Salgono ancora i decessi registrati dall’Inail a causa del Covid-19. Le denunce di infortunio sul lavoro con esito mortale presentate il 31 agosto 2020 dall’Inail per i primi sette mesi di quest’anno sono state 716.

Pur nella provvisorietà dei numeri, precisa l’Istituto, questo dato evidenzia un aumento di 117 casi rispetto ai 599 registrati nello stesso periodo del 2019 (+19,5%). L’incremento è influenzato dal numero dei decessi avvenuti e protocollati al 31 luglio 2020 a causa dell’infezione da Covid-19 in ambito lavorativo.

A livello nazionale rispetto ai primi sette mesi dell’anno scorso si registra una riduzione solo degli infortuni mortali in itinere, che sono passati da 167 a 113 (-32,3%). Mentre quelli avvenuti in occasione di lavoro sono aumentati da 432 a 603 (+39,6%). L’incremento ha riguardato la gestione Industria e Servizi (da 512 a 630 denunce) e il conto Stato (da 9 a 31). Mentre l’Agricoltura ha registrato 23 casi in meno (da 78 a 55).

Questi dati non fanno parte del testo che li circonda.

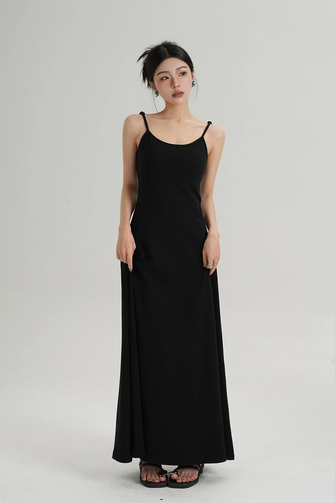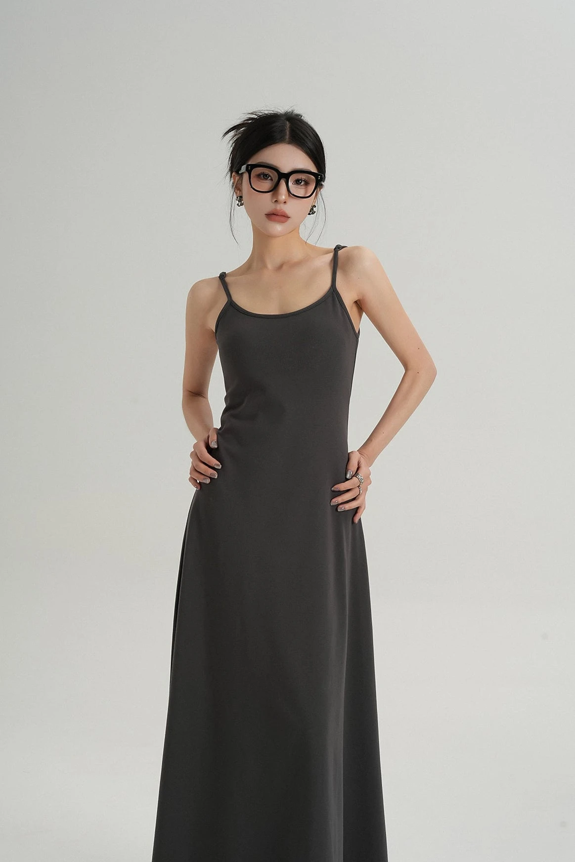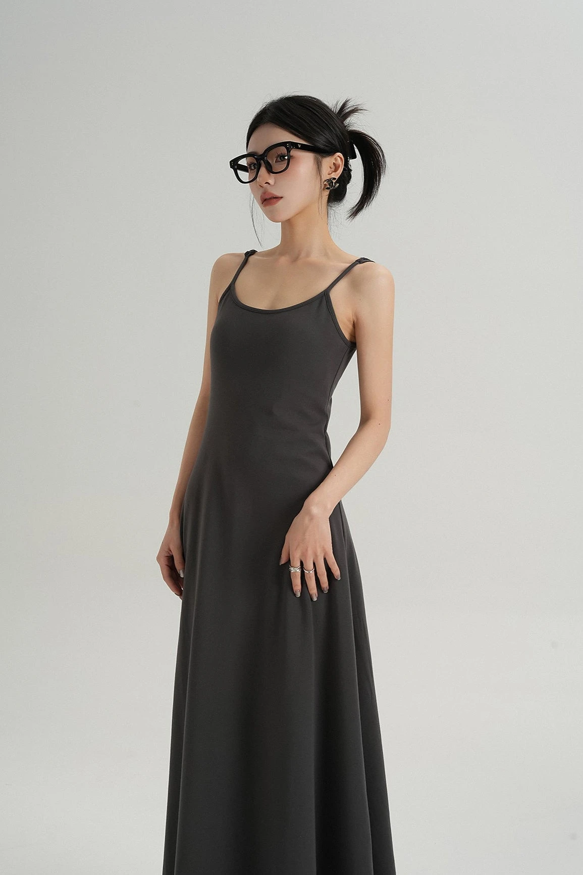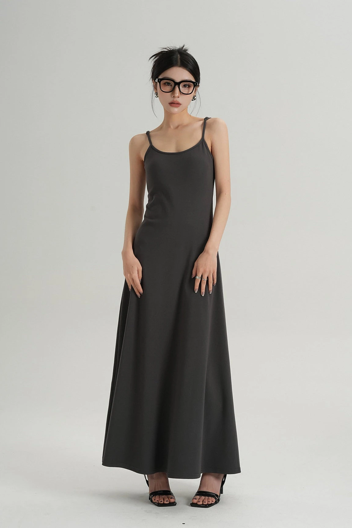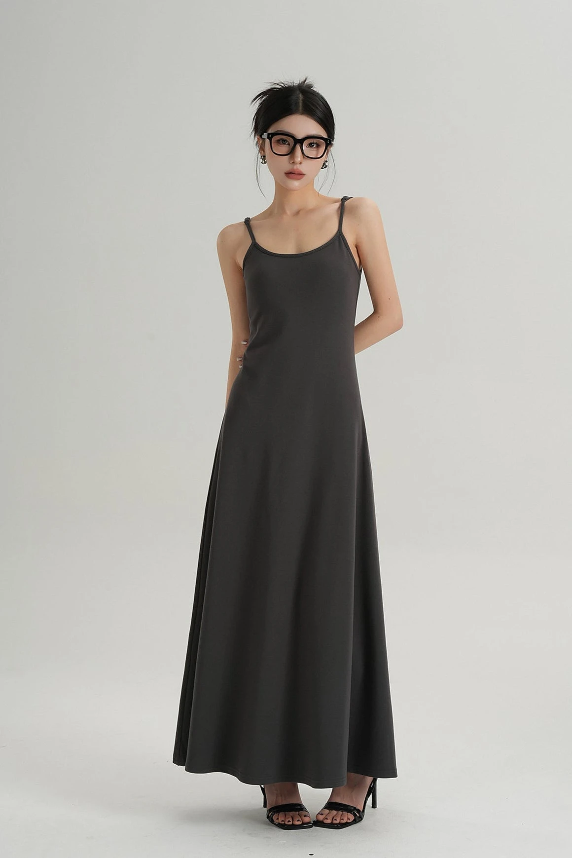 The clean silhouette drapes naturally over the body, accentuating the waist before flowing into a full-length skirt that moves with ease. Crafted from a soft yet structured fabric blend, the dress offers a balance of comfort and shape. The built-in chest lining provides subtle support, eliminating the need for extra layers, while the adjustable straps allow for a customized fit. Its smooth, solid-tone finish makes it a versatile piece—wear it solo for a refined look or layer with an oversized jacket for contrast.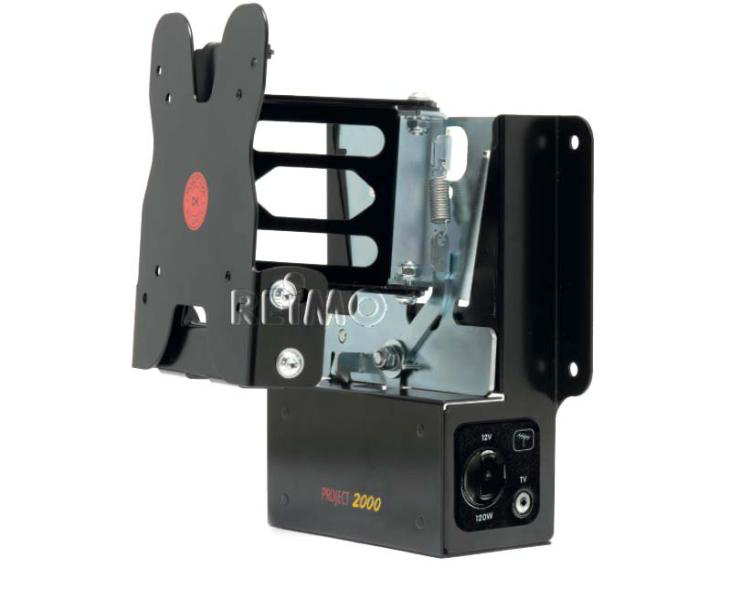 TV-seinäkiinnike, irrotettava - TV-pidike 12 V: llä ja TV-antenniliittimellä. Jatkettava 227 mm: iin. Turvalukko (estäminen ajon aikana). Päänosa käännettävissä + kallistettava 10 °: seen saakka. Kantolaite (pysyy kiinnitettynä TFT: hen) otetaan irrotettavalla salvalla seinälevyltä (pysyy seinällä). Televisio voidaan muuntaa ulkoilmaksi tai toisella seinälevyllä (valinnainen). Pistorasia on varustettu 12 V-liittimellä ja TV-liittimellä. Joustava jopa 8 kg asti.

Inail, gli incidenti mortali

Al 31 luglio risultano 6 incidenti plurimi avvenuti nei primi sette mesi del 2020, per un totale di 12 decessi. Il primo in gennaio, costato la vita a due lavoratori vittime di un incidente stradale a Grosseto. Il secondo in febbraio, con due macchinisti morti nel deragliamento ferroviario avvenuto in provincia di Lodi. Il terzo e il quarto in marzo, con due vittime per incidenti stradali in provincia di Torino e altre due in provincia di Bologna. Il quinto in giugno, con due operai travolti dal crollo di un muro a Napoli, e l’ultimo in luglio in un cantiere edile di Roma, in cui sono deceduti due operai caduti da un ponteggio. Lo scorso anno, invece, gli incidenti plurimi avvenuti tra gennaio e luglio erano stati 12, con 24 casi mortali denunciati (20 dei quali stradali).

L’analisi territoriale

Dall’analisi territoriale emerge una diminuzione di 12 casi mortali nelle Isole (da 58 a 46). Il Nord-Ovest si contraddistingue, invece, per un incremento di 112 casi mortali (da 153 a 265), complice soprattutto l’aumento di 89 casi della Lombardia. Il Centro registra un aumento di otto decessi (da 120 a 128), il Sud sette casi mortali in più (da 134 a 141) e il Nord-Est due in più (da 134 a 136).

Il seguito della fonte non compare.